EXERCISE DATA:
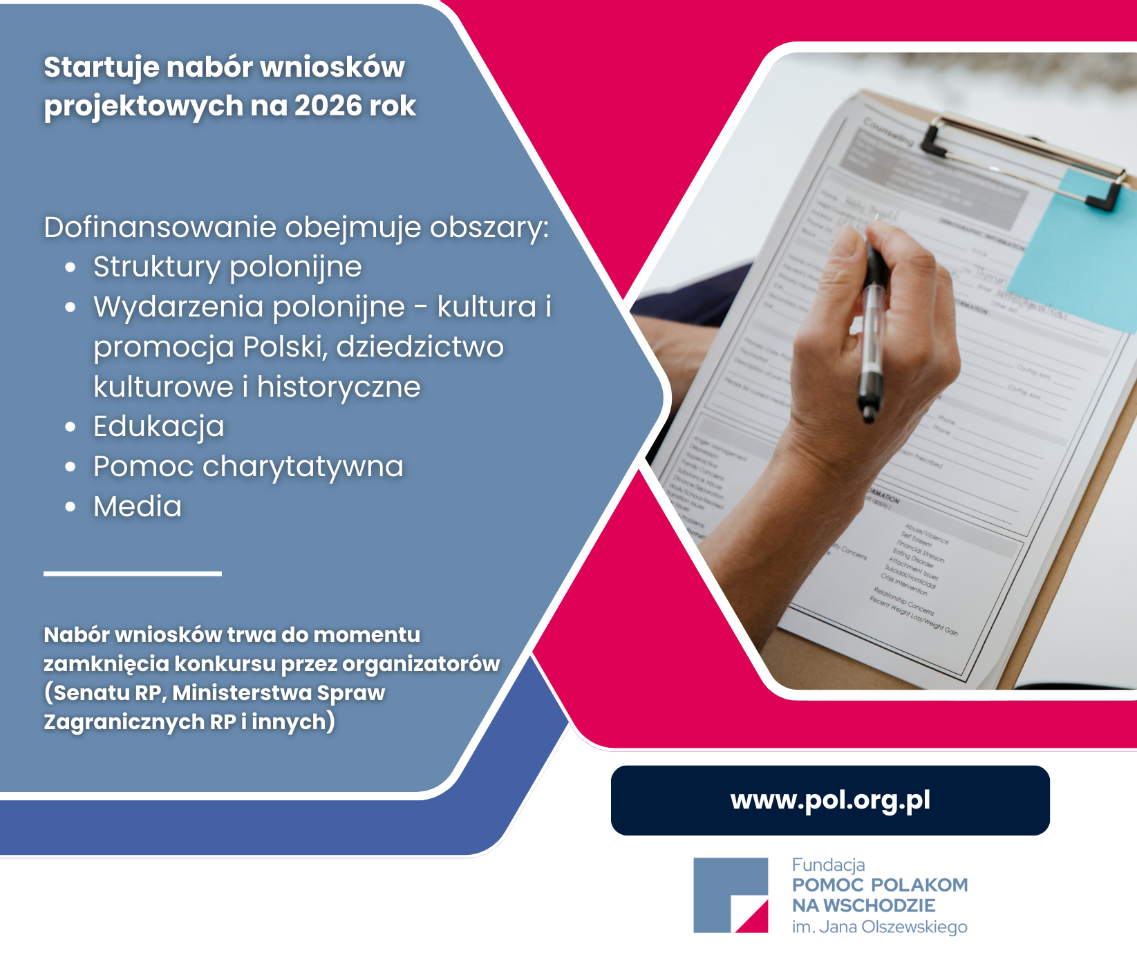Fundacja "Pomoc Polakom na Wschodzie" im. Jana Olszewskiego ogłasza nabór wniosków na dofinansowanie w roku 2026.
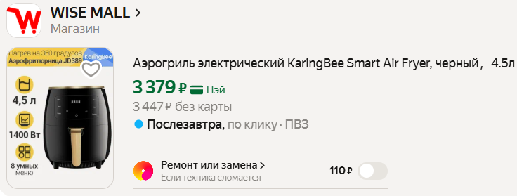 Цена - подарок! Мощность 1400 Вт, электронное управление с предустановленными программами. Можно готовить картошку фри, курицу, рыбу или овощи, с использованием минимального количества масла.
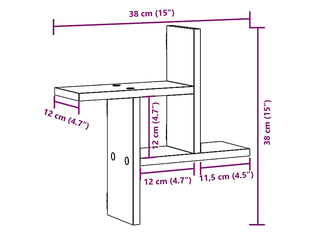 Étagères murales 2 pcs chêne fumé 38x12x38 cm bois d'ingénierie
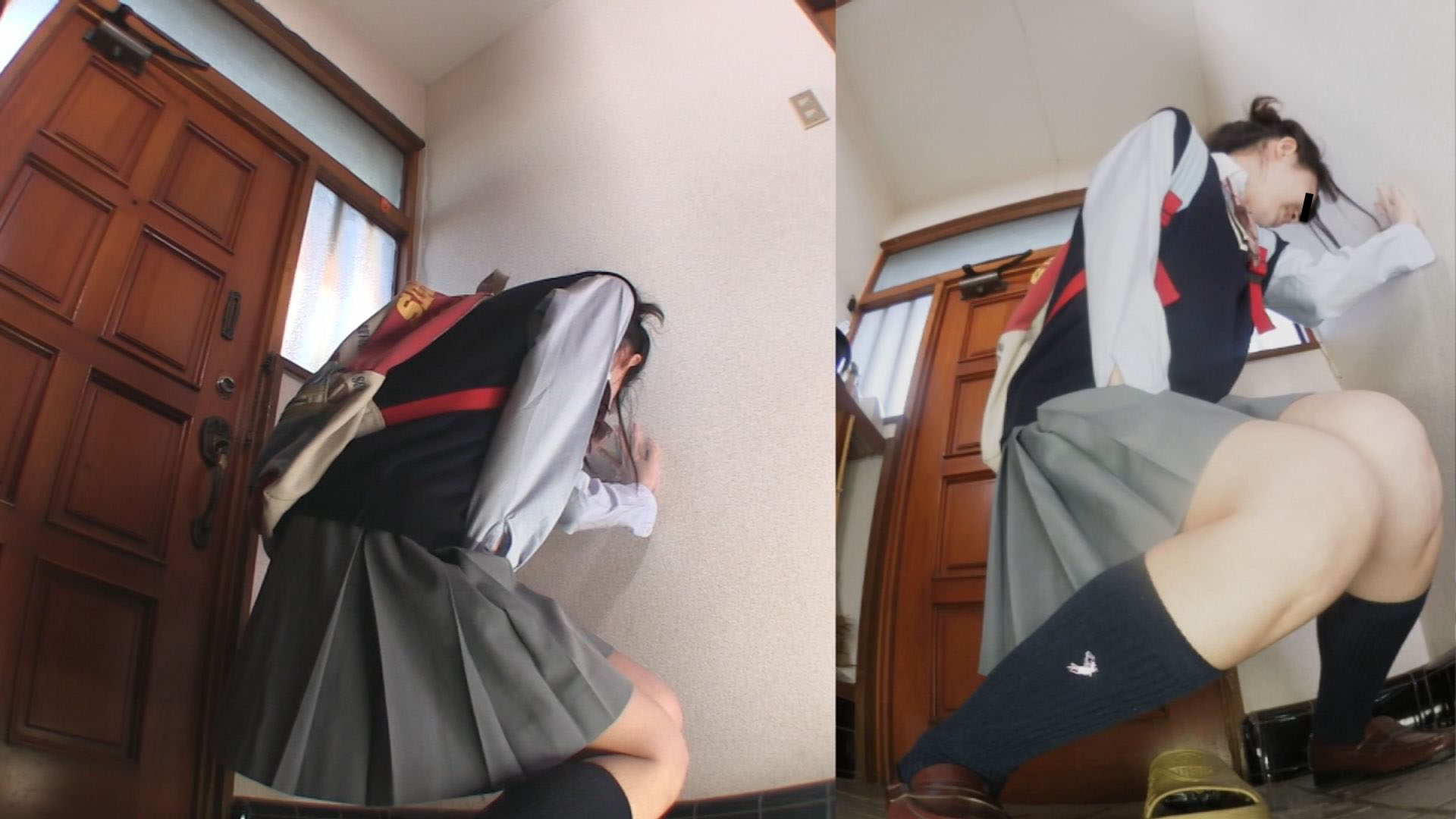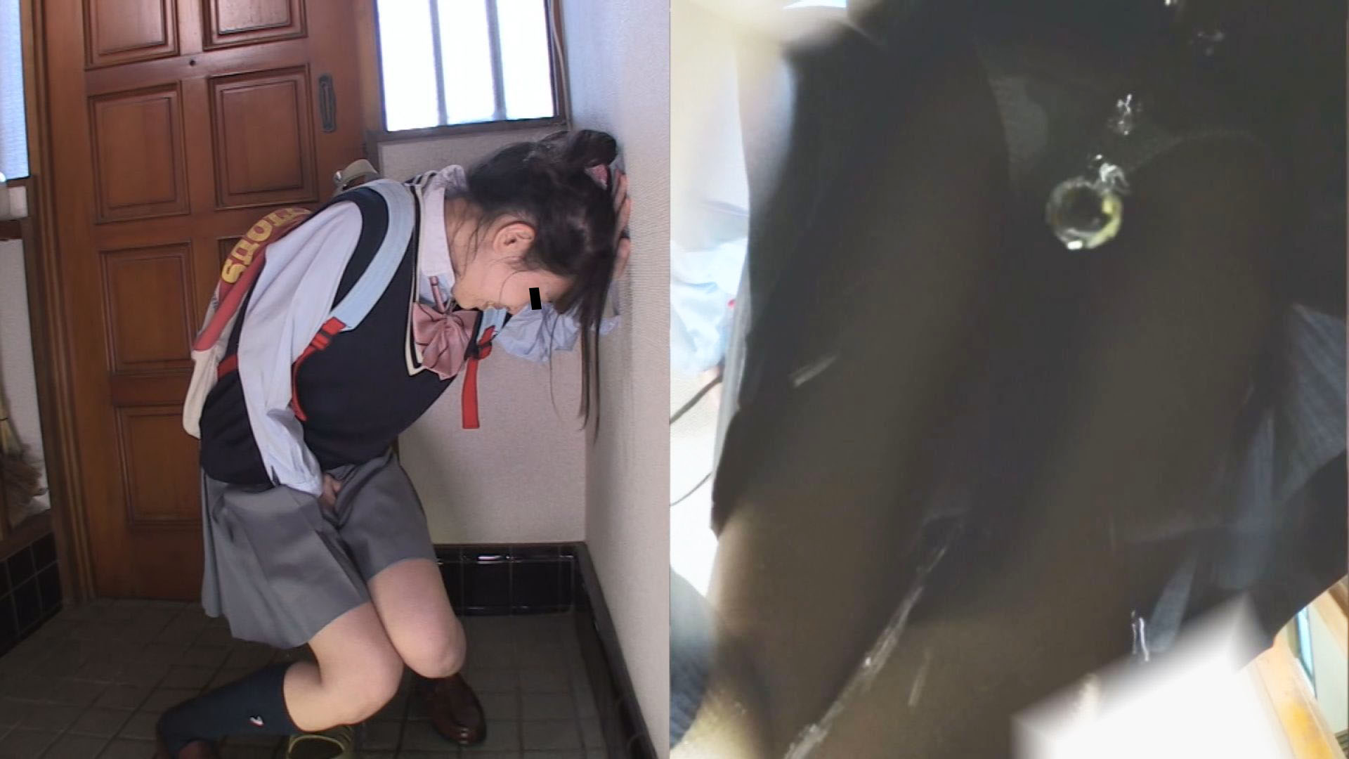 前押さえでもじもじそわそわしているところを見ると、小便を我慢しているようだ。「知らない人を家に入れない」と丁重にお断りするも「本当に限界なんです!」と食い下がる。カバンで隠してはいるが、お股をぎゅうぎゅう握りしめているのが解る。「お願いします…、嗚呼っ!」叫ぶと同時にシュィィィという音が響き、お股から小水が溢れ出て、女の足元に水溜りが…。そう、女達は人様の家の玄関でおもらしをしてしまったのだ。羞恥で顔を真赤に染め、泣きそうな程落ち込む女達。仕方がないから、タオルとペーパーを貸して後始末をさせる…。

YOUR OBJECTIVE: All of the lines above should be copied exactly, apart from the pictures.

ANSWER FOR THIS EXERCISE:
Fundacja "Pomoc Polakom na Wschodzie" im. Jana Olszewskiego ogłasza nabór wniosków na dofinansowanie w roku 2026.
 Цена - подарок! Мощность 1400 Вт, электронное управление с предустановленными программами. Можно готовить картошку фри, курицу, рыбу или овощи, с использованием минимального количества масла.
 Étagères murales 2 pcs chêne fumé 38x12x38 cm bois d'ingénierie
 前押さえでもじもじそわそわしているところを見ると、小便を我慢しているようだ。「知らない人を家に入れない」と丁重にお断りするも「本当に限界なんです!」と食い下がる。カバンで隠してはいるが、お股をぎゅうぎゅう握りしめているのが解る。「お願いします…、嗚呼っ!」叫ぶと同時にシュィィィという音が響き、お股から小水が溢れ出て、女の足元に水溜りが…。そう、女達は人様の家の玄関でおもらしをしてしまったのだ。羞恥で顔を真赤に染め、泣きそうな程落ち込む女達。仕方がないから、タオルとペーパーを貸して後始末をさせる…。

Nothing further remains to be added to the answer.